Les locataires à faible revenu encore plus acculés

Au cours des dernières années, tant les locataires que les propriétaires ont fait les frais de l’augmentation des coûts de logement, bien que les locataires aient plus fortement ressenti cet étau, car en moyenne leurs ménages disposent d’un moindre revenu. Et même si depuis la fin des années 1990, les revenus des locataires ont augmenté au même rythme que ceux des propriétaires, la part du revenu qu’ils attribuent au logement a crû rapidement. En 1999, les locataires ont affecté une part moyenne de 25 % de leur salaire net à se loger (en ce compris les factures de services publics). Ce pourcentage était légèrement supérieur à celui des propriétaires pendant la même période (23 % de leur salaire net). L’écart s’est fortement creusé. En 2022, les locataires ont accordé 29 % de leur salaire après impôt au logement, contre 21 % pour les propriétaires (qui, au moyen de ces affectations, se constituent une épargne sous la forme de valeur nette immobilière). Avec ce concours de circonstances – faibles revenus et frais de logement plus élevés – les locataires peuvent très difficilement amasser une mise de fonds, une étape cruciale pour commencer leur constitution de patrimoine.

L’accession à la propriété s’avère maintenant un tour de force

Au Canada, le taux d’accession à la propriété est toujours relativement élevé. En 2022, deux tiers de la population étaient propriétaires d’un immeuble résidentiel. Avec la détérioration de l’abordabilité toutefois, cette situation est en train de changer. Il n’a jamais été aussi difficile de se frayer un chemin sur le marché du logement.

Les locataires sont plus nombreux à désépargner, car ils se butent à un coût de la vie et des frais de remboursement d’emprunts plus élevés, ce qui leur donne encore plus de fil à retordre pour amasser une mise de fonds. Environ seulement un tiers des ménages canadiens qui gagnent un revenu ont suffisamment d’argent pour acheter une maison indépendante individuelle grâce à leur revenu seulement. Il s’agit d’une nette différence depuis 2005 où la moitié des Canadiens gagnaient un revenu suffisant pour acheter une maison avec leur revenu seulement. Il se peut qu’un plus grand nombre de personnes gagnant un revenu moyen à élevé deviennent des locataires si l’accessibilité à la propriété ne s’améliore pas et si plus de Canadiens se font évincer du marché du logement.

Les inégalités pourraient s’accentuer à l’avenir au Canada

Auparavant, l’achat d’un premier logement était un rite de passage dans le fondement d’une famille. Aujourd’hui toutefois, l’accessibilité au logement risque d’être plus associée à un héritage ou au transfert de patrimoine de générations précédentes. Depuis 2010, les actifs immobiliers des propriétaires (hormis la valeur des hypothèques) ont augmenté quatre fois plus vite que l’assurance vie et les épargnes des régimes de retraite. La valeur nette immobilière a toujours été grandement considérée comme un coussin de sécurité. Toutefois, puisque l’accession à la propriété est plus restreinte, il se peut que certains Canadiens n’atteignent pas l’épargne ciblée en l’absence d’autres moyens de constituer un patrimoine. Le risque d’inégalités accrues entre les locataires et les propriétaires est l’une des nombreuses raisons pour lesquelles le Canada doit s’employer à résoudre sa crise du logement.

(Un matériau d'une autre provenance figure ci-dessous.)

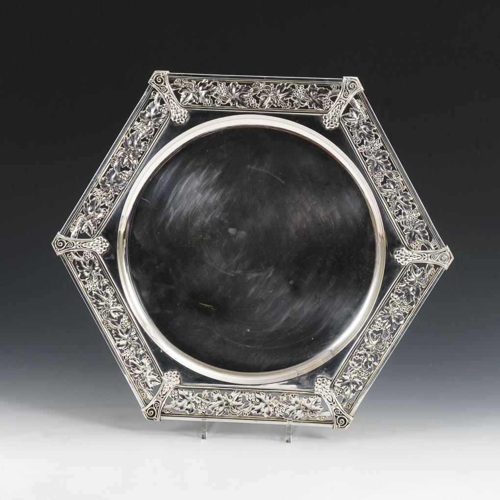 6-cornered tray with openwork relief rim. Round, slightly recessed mirror. Signs of use.
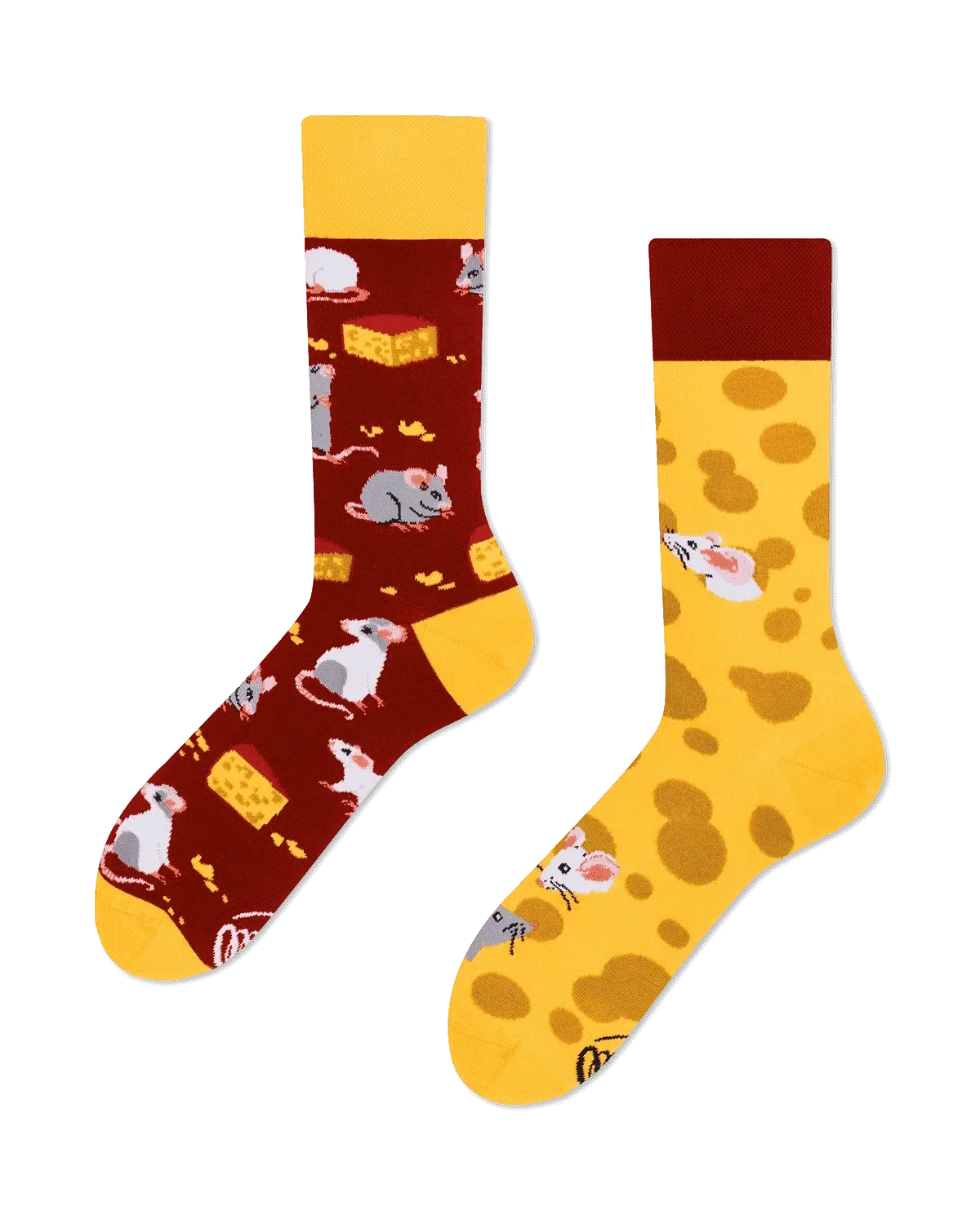 Ces chaussettes originales, dépareillées et mixtes raviront les fromage et de souris.
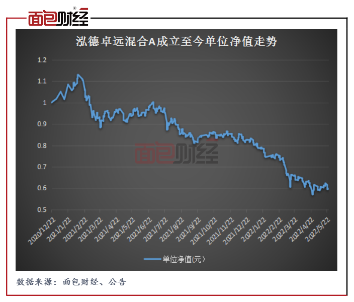 此外,成立至今泓德卓远混合A份额最大回撤达49.5%,2022年4月该基金单位净值最低下探至0.57元,业绩整体表现不佳。
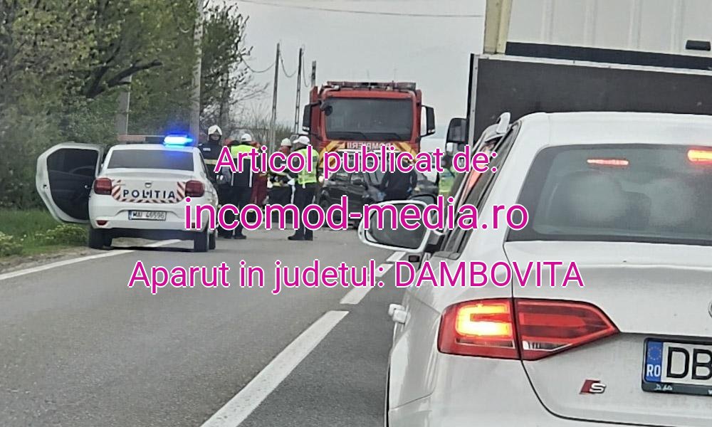 Accident rutier, în această după-amiază, pe DN 72, la ieșire din Săcuieni, județul Dâmbovița, spre Târgoviște.
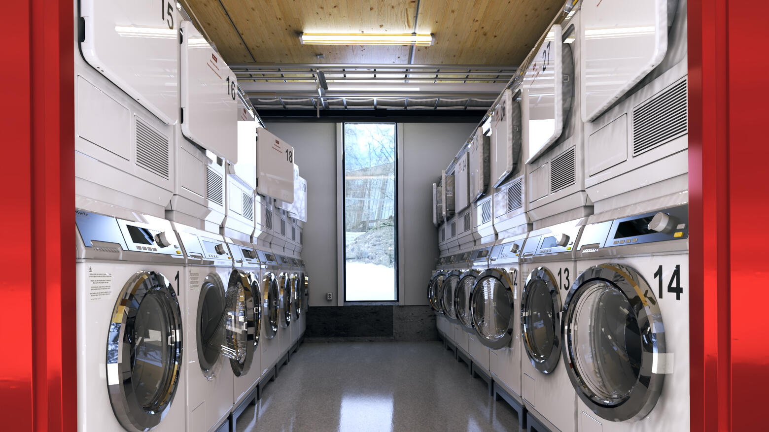 Info: Exercise in hyper realism recreating a picture of a laundromat.
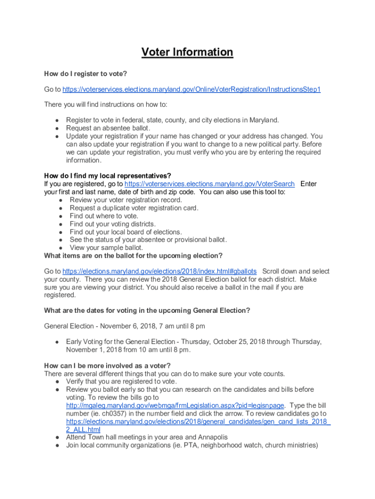 Voter Information How do I register to vote? Go to https://voterservices.elections.maryland.gov/OnlineVoterRegistration/InstructionsStep1 There you will find instructions on how to: Register to vote
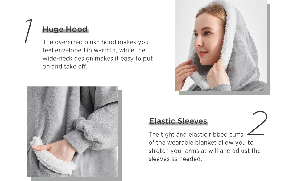Зимнее одеяло с капюшоном большого размера, Женский гигантский свит...
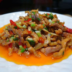 炒锅里面放油,油温四成热时滑入肉丝,先不要去翻动它,过早的翻动,会让肉丝外面的那层蛋清淀粉糊散乱,不能完美的裹附于肉丝之上。让肉丝稍微凝固之后,迅速把它滑散,加入仔姜丝、酸姜丝、泡椒丝同炒,此时根据色泽和咸度加晒制特抽(老抽也可)。此步骤一定要谨慎,因为酸姜和泡椒已经够咸。
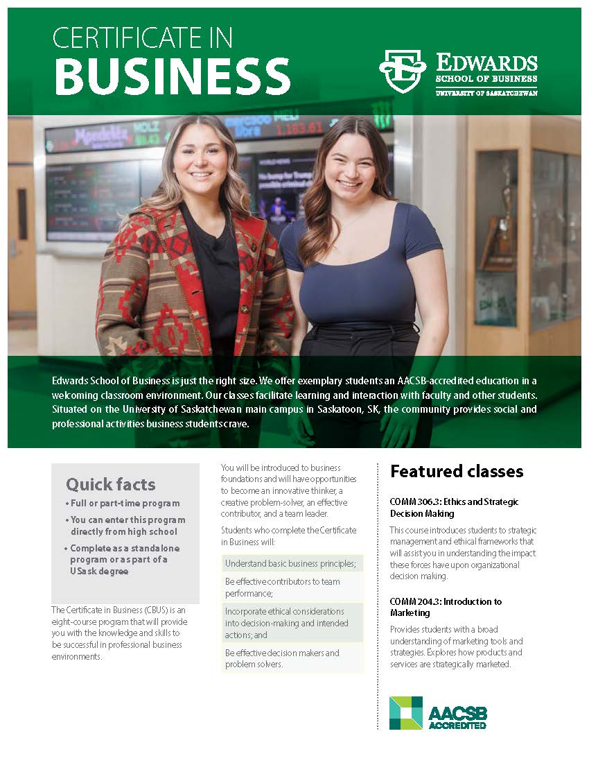 Note 3: Edwards School of Business does not recommend this Certificate in Business program to international students because the program can be completed in 8 months.
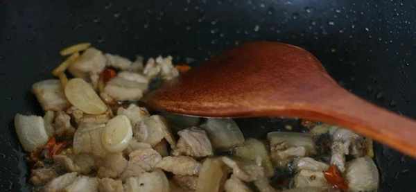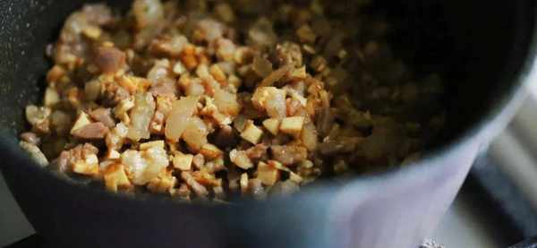 2、油熱下入肉末炒香,一勺料酒十 兩勺生抽+一 勺老抽 十一勺蠔油炒香
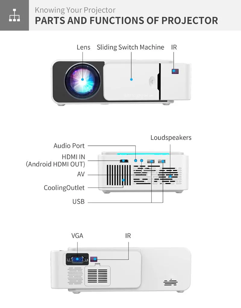 A visual experience for parties, home cinema, video games, and more! Portable and easy to carry. A plastic cover protects the lens.
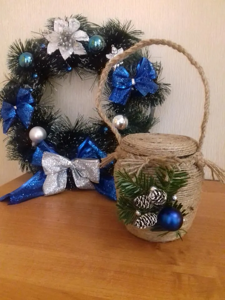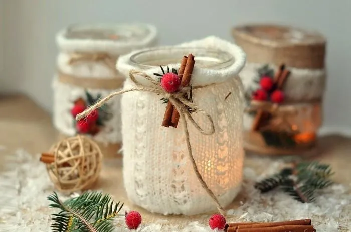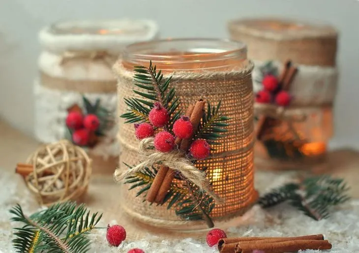 5. Баночки, прикрашені шишками та гілочками соснових дерев

    1. Certains Canadiens qui louent leur résidence principale sont en réalité propriétaires d’un bien immobilier.
    2. Pendant la pandémie, la constitution de patrimoine par les locataires s’expliquait en grande partie par une plus-value des actifs financiers.


Carrie Freestone est économiste à RBC. Elle produit des analyses sur le marché du travail et est membre du groupe d’Analyse régionale, où elle contribue à l’établissement des perspectives macroéconomiques de la province.